For the entries that follow, retype exactly the lines from the one containing "A glimpse into" to the one containing "Ford SuperDuty BullBar™", inclusive, and only those. Images stay out of the copy.
*** Opening SUPPLIED INFORMATION ***
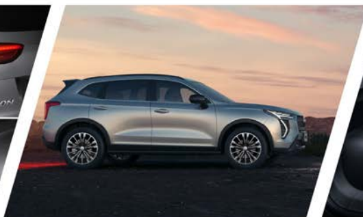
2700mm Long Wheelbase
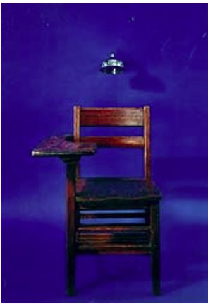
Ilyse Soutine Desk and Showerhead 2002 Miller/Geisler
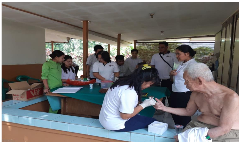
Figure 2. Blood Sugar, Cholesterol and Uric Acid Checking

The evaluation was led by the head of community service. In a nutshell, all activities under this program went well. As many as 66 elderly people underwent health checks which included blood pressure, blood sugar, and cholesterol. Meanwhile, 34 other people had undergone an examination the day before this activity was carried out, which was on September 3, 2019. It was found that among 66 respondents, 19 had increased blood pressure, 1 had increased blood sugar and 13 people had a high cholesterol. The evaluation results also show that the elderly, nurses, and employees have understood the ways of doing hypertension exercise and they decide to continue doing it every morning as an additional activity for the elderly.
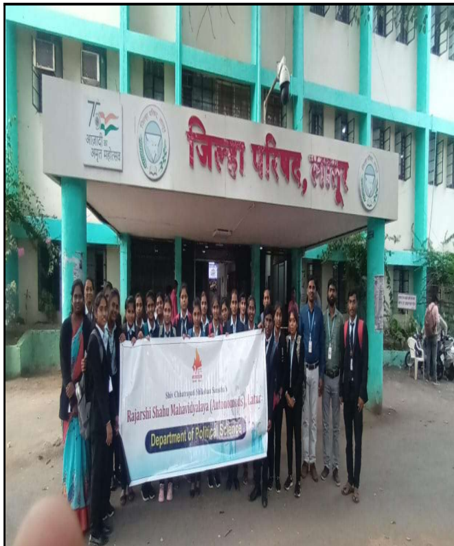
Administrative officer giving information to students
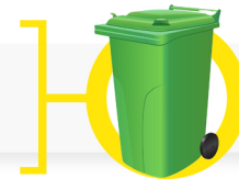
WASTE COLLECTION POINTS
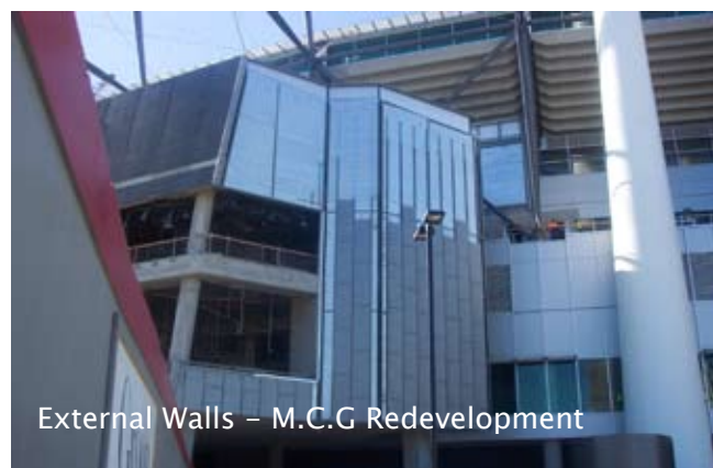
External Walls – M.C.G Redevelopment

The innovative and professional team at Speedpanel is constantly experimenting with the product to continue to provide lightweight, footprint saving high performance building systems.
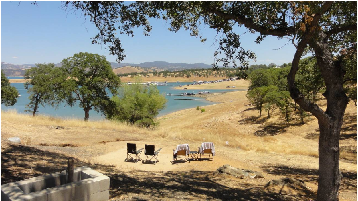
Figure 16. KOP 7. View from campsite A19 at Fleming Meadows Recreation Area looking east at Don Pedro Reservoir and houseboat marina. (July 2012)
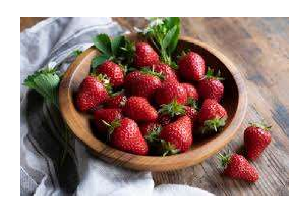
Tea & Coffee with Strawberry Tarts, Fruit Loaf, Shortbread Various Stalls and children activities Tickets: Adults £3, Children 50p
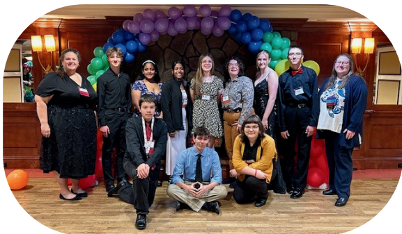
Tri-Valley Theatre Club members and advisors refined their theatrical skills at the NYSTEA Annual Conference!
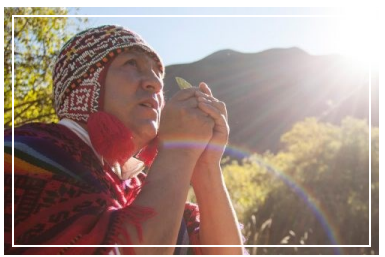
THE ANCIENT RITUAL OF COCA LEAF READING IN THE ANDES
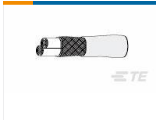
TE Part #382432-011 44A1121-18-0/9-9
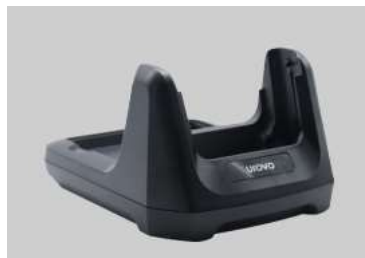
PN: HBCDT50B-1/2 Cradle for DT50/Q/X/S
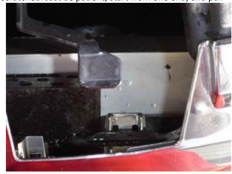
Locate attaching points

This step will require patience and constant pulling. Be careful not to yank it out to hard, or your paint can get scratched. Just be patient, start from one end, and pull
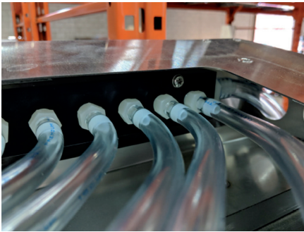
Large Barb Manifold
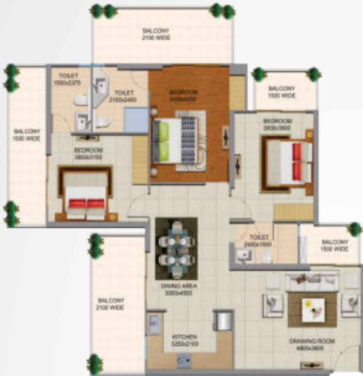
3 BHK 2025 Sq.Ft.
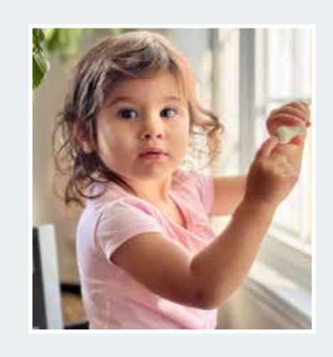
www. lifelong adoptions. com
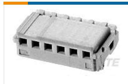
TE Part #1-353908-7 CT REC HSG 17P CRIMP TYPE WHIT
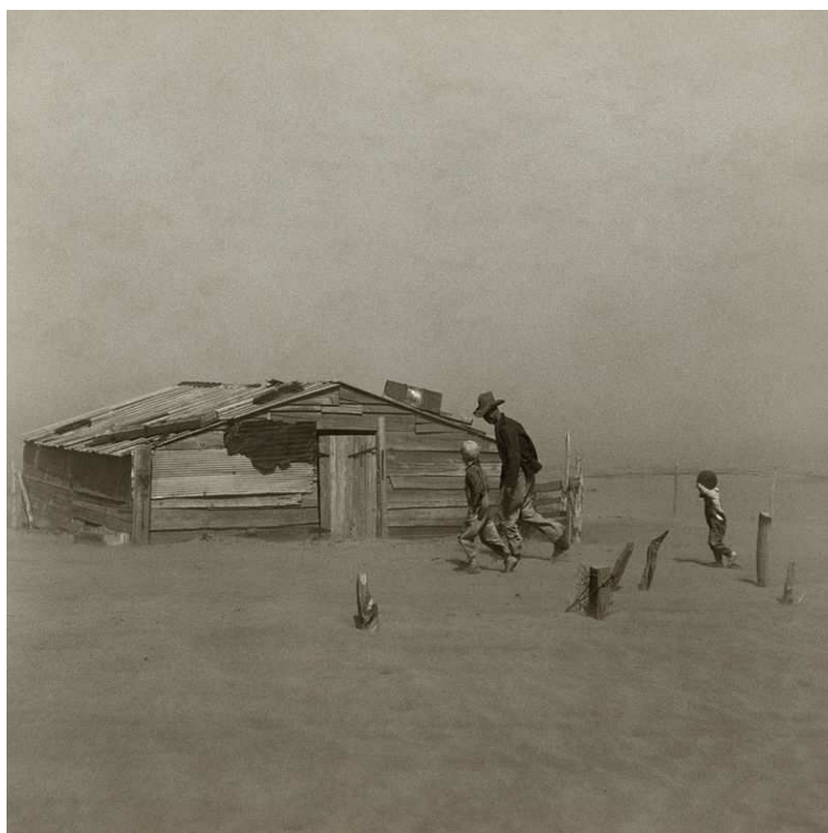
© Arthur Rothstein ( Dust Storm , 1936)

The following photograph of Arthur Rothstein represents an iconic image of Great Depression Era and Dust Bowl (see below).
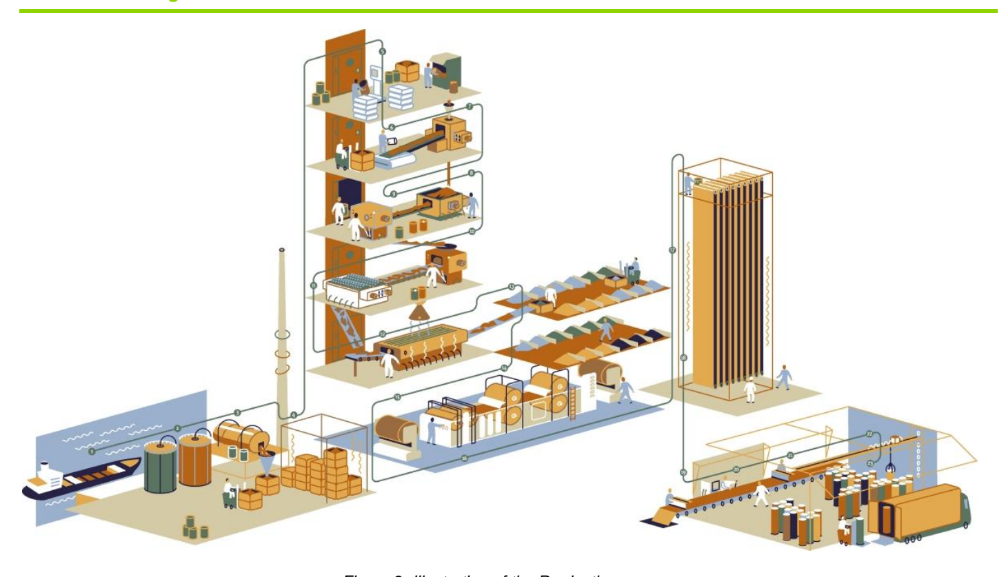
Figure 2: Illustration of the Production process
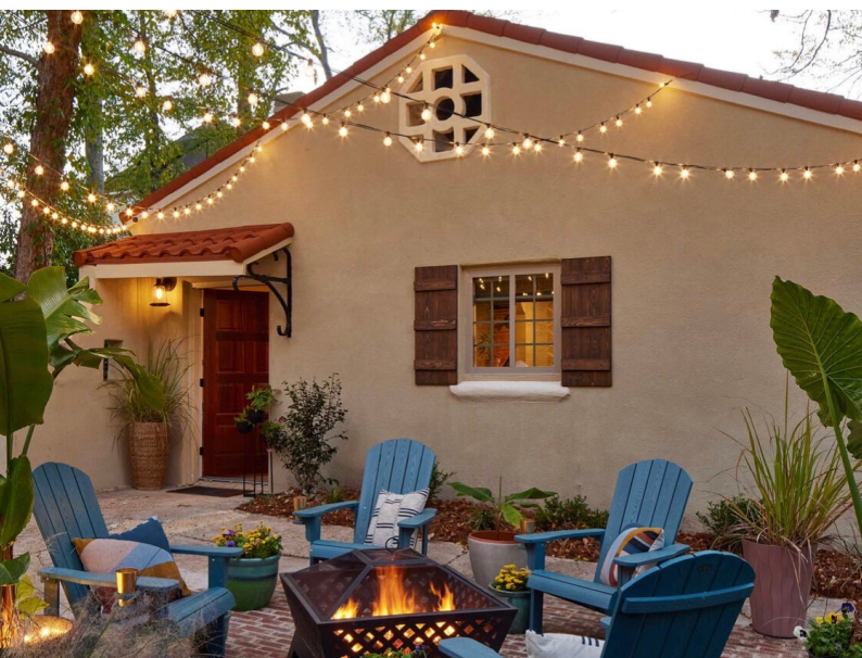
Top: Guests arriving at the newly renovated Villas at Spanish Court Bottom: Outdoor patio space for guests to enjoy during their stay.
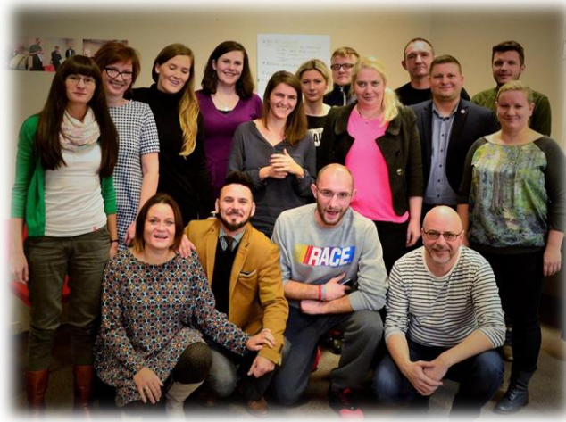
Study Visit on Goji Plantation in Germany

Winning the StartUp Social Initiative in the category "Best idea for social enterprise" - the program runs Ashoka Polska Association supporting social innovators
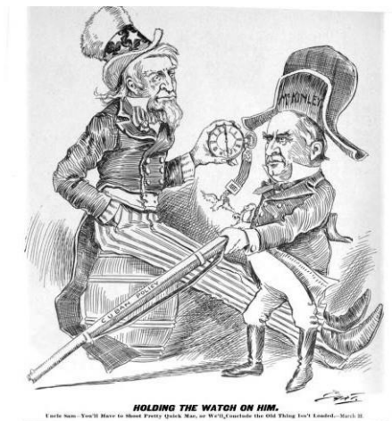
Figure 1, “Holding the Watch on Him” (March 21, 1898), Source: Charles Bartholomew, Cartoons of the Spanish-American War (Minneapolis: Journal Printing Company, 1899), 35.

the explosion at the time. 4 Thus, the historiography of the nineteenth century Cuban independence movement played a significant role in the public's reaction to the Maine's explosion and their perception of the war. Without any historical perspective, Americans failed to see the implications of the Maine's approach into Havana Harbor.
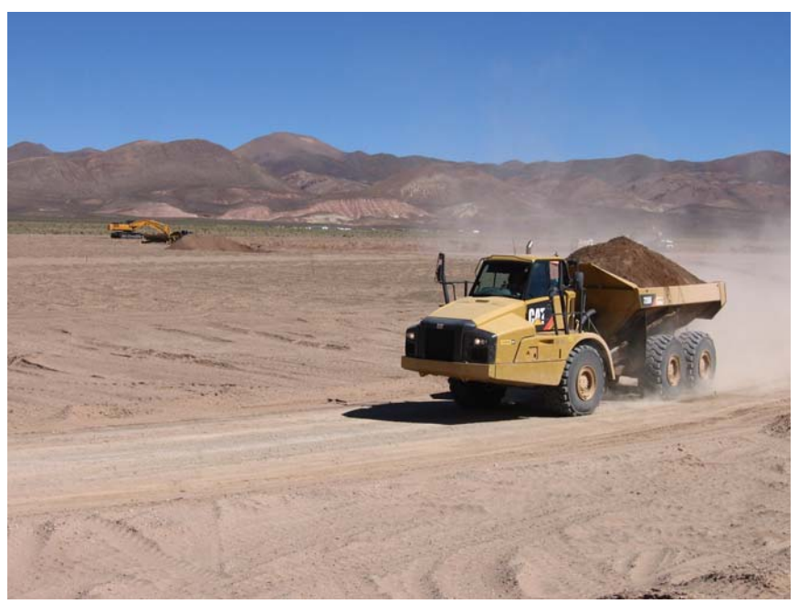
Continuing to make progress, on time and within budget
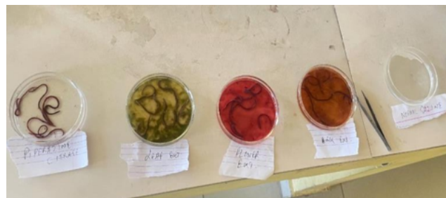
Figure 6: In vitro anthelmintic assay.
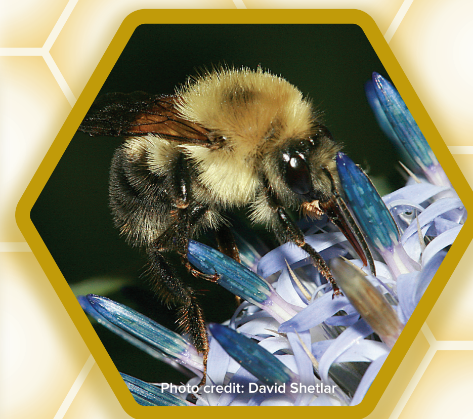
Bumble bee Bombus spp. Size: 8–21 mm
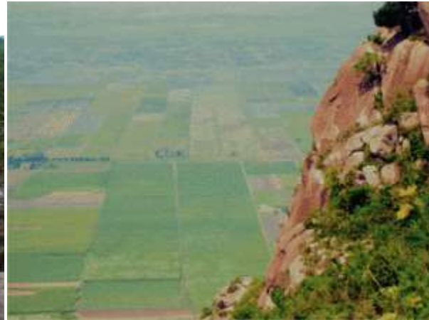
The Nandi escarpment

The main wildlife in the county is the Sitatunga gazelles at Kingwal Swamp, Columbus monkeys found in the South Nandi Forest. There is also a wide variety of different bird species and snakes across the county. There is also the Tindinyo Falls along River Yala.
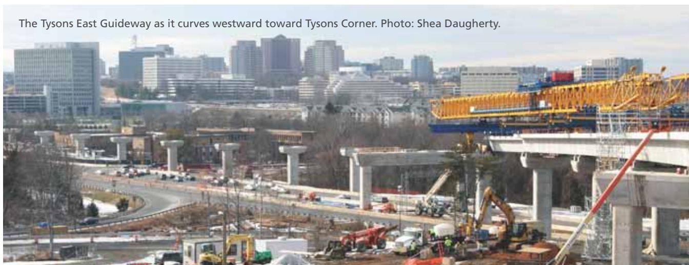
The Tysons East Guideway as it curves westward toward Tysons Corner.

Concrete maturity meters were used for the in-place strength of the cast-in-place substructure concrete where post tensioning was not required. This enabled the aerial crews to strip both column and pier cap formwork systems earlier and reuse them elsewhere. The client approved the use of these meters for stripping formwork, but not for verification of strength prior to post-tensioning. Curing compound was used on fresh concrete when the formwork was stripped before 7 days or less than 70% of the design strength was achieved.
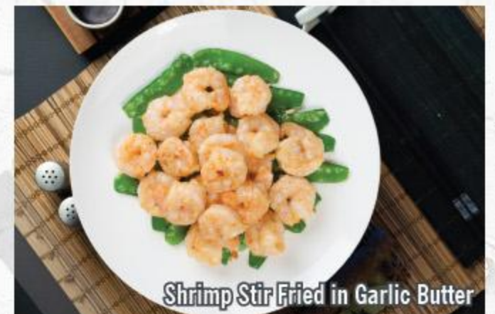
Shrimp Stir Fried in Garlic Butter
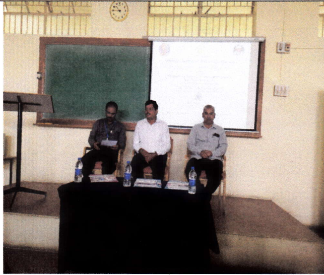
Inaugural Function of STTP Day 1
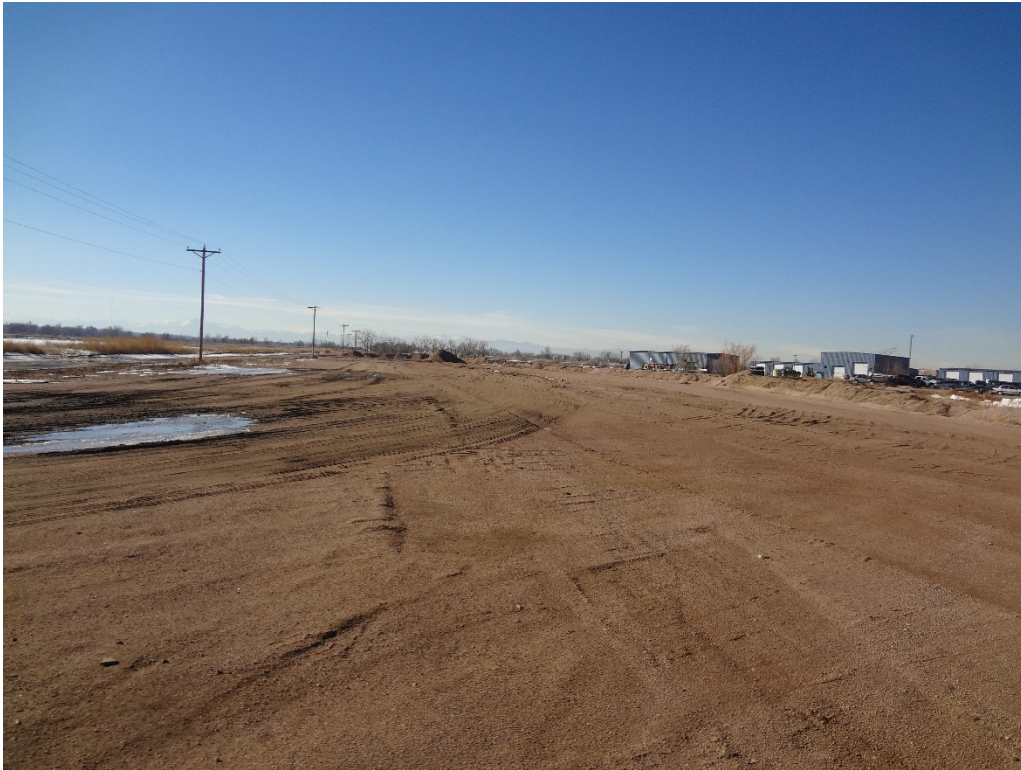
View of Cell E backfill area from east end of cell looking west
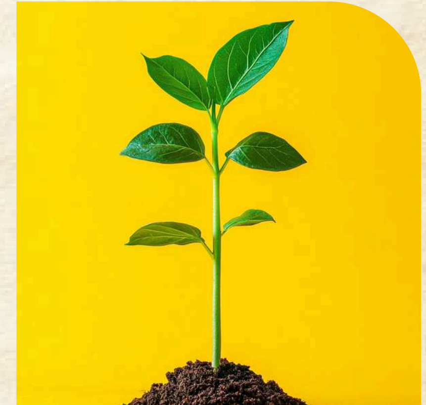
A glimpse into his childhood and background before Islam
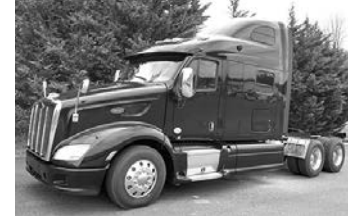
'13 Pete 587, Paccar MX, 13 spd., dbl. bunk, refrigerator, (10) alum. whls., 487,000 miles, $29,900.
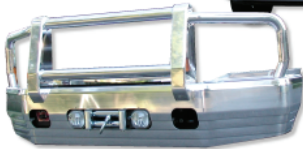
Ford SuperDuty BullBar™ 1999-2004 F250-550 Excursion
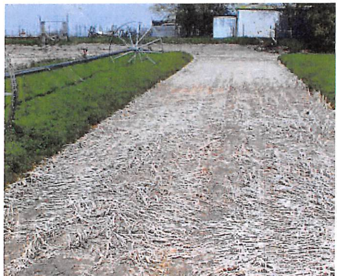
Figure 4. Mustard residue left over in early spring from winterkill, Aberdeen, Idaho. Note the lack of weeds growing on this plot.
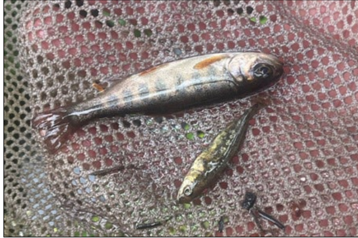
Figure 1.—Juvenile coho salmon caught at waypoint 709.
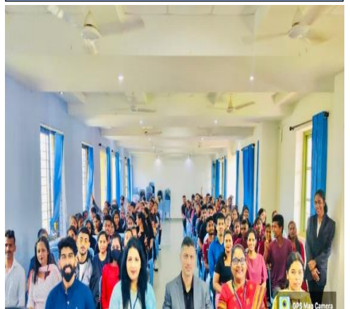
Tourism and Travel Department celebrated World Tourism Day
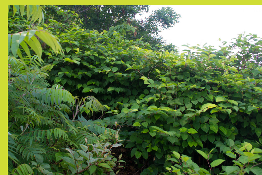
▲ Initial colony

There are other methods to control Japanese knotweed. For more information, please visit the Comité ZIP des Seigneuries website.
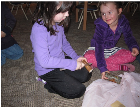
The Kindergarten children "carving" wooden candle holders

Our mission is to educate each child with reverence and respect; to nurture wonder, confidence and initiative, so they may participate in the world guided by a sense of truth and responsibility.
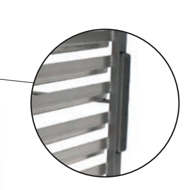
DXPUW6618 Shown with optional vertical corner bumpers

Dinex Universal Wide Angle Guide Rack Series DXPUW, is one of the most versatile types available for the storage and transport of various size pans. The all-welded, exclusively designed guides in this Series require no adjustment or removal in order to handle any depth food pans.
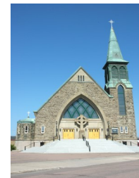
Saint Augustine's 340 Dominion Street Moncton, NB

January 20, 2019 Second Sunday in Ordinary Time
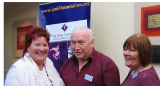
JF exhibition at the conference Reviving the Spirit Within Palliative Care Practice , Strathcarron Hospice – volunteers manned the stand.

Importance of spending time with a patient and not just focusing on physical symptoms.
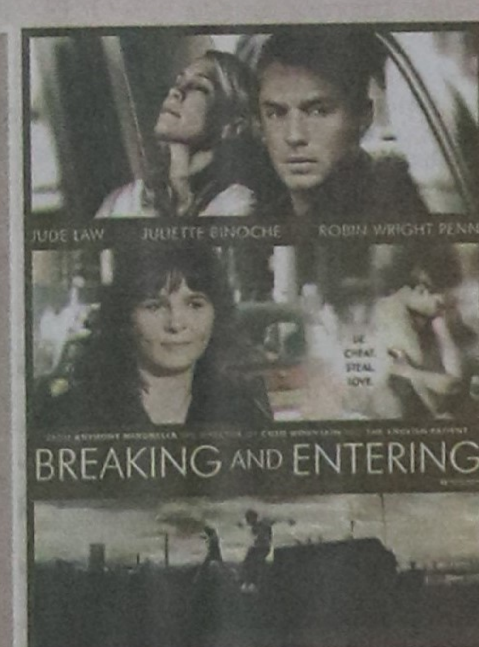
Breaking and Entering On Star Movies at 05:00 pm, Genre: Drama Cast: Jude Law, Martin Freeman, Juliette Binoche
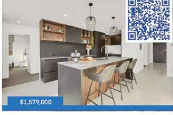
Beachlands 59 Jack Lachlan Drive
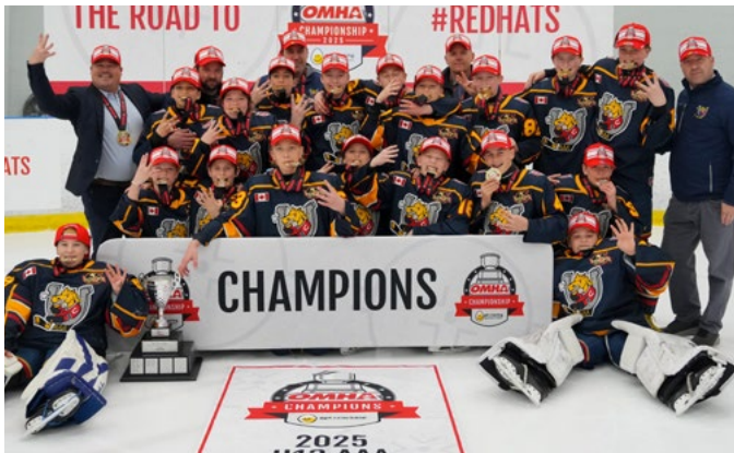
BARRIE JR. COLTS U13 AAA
*** Closing SUPPLIED INFORMATION ***
RESULT BELOW:
A glimpse into his childhood and background before Islam
'13 Pete 587, Paccar MX, 13 spd., dbl. bunk, refrigerator, (10) alum. whls., 487,000 miles, $29,900.
Ford SuperDuty BullBar™ 1999-2004 F250-550 Excursion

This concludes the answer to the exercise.